FIG. 2 is a diagram showing an example of a search processing result in the database system shown in FIG. 1;
3 is a diagram showing a state in which a new target node N4 has been adopted based on the search result shown in FIG.
4 is a diagram showing search processing in which a dynamic link L8 is temporarily defined in the database system shown in FIG.
FIG. 5 is a diagram showing a state in which a new node of interest N6 is adopted based on the search result shown in FIG. 4 and a dynamic link L8 is promoted to a static link.
FIG. 6 is a diagram illustrating an evaluation method when a plurality of equivalent keywords are defined in one node in keyword evaluation when defining a dynamic link.
FIG. 7 is a diagram illustrating an example of a simple distributed database system including three classes A, B, and C.
8 is a diagram showing an example in which class links and thesaurus dictionaries are defined in the distributed database system shown in FIG.
FIG. 9 is a diagram showing a state where static links L1 to L5 are defined in the distributed database system shown in FIG.
10 is a diagram illustrating a result of a search using the node N1 as a target node using the static link illustrated in FIG. 9;
11 is a diagram showing a result of performing the same search process as the search shown in FIG. 10 in consideration of class link weighting (signal transmission coefficient). FIG.
12 is a diagram showing a state in which learning processing for correcting the weight (signal transmission coefficient) of the static link is performed based on the search result shown in FIG.
13 is a diagram illustrating a result of performing the same search process as the search illustrated in FIG. 10 again in the state after the learning process illustrated in FIG. 12;
14 is a chart showing a method for determining a priority when a candidate node is presented in consideration of the weight of a node after the search process shown in FIG. 10 is executed.
FIG. 15 is a chart showing a priority order determination method when candidate nodes are presented in consideration of node weights after the search process shown in FIG. 13 is executed;
16 is a diagram showing an example in which search processing using both static links and dynamic links is executed in the distributed database system shown in FIG.
FIG. 17 is a diagram illustrating an example in which the definition of a dynamic link is restricted by a class link.

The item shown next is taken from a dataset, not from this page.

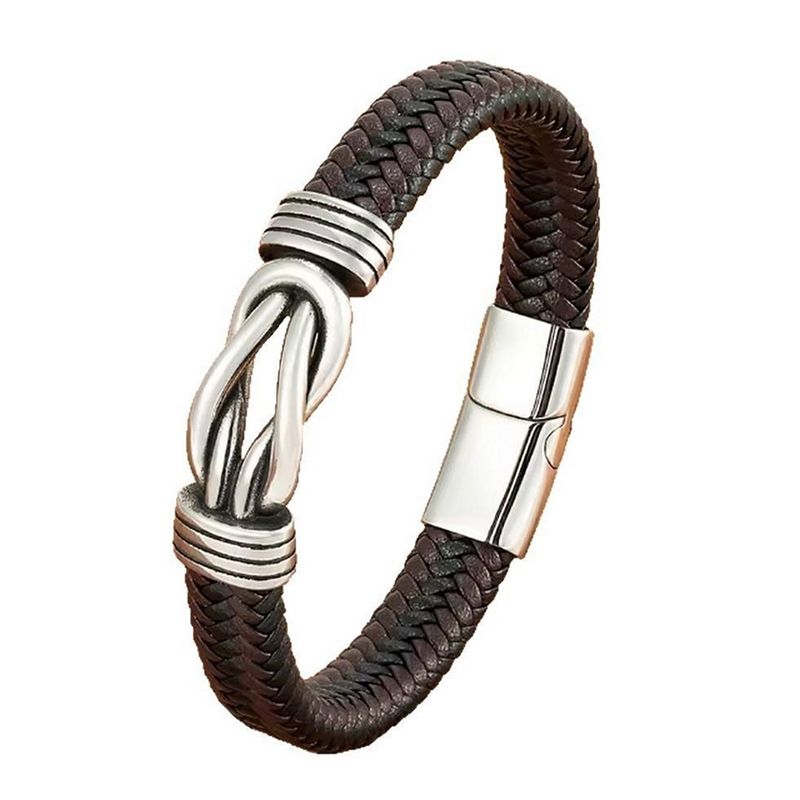 Mens Stainless Steel Bracelet with Leather, Classic Business Jewelry with Chain Design, Gift for Men
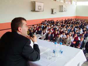 Eşme Spor Salonunda düzenlenen konferansa Kaymakam Mehmet Ceylan, Garnizon Komutanı Yüzbaşı Halil Anapa, İlçe Milli Eğitim Müdürü Recai Keleş, okul müdürleri, öğretmenler ve çok sayıda öğrenci katıldı.

FIG. 18 is a flowchart showing an overall use procedure of the database system according to the embodiment.
FIG. 19 is a flowchart showing in detail a search processing procedure in step S4 in the flowchart shown in FIG. 18;
20 is a flowchart showing in detail the learning process in step S7 in the flowchart shown in FIG.
FIG. 21 is a block diagram showing a specific configuration of the database system according to the present embodiment.
22 is a block diagram showing an embodiment in which a frequency coefficient storage means 110 is further added to the database system shown in FIG. 21. FIG.
FIG. 23 is a conceptual diagram showing a node aggregate to be searched in the database system according to the present embodiment.
24 is a conceptual diagram showing a state where one node N1 in the node aggregate shown in FIG. 23 is designated as a node of interest.
FIG. 25 is a conceptual diagram showing a positive related set G1 searched by a positive search process for the node of interest N1 in the state shown in FIG.
26 is a conceptual diagram showing a state in which one node N2 is adopted from within the positive relation set G1 shown in FIG. 25. FIG.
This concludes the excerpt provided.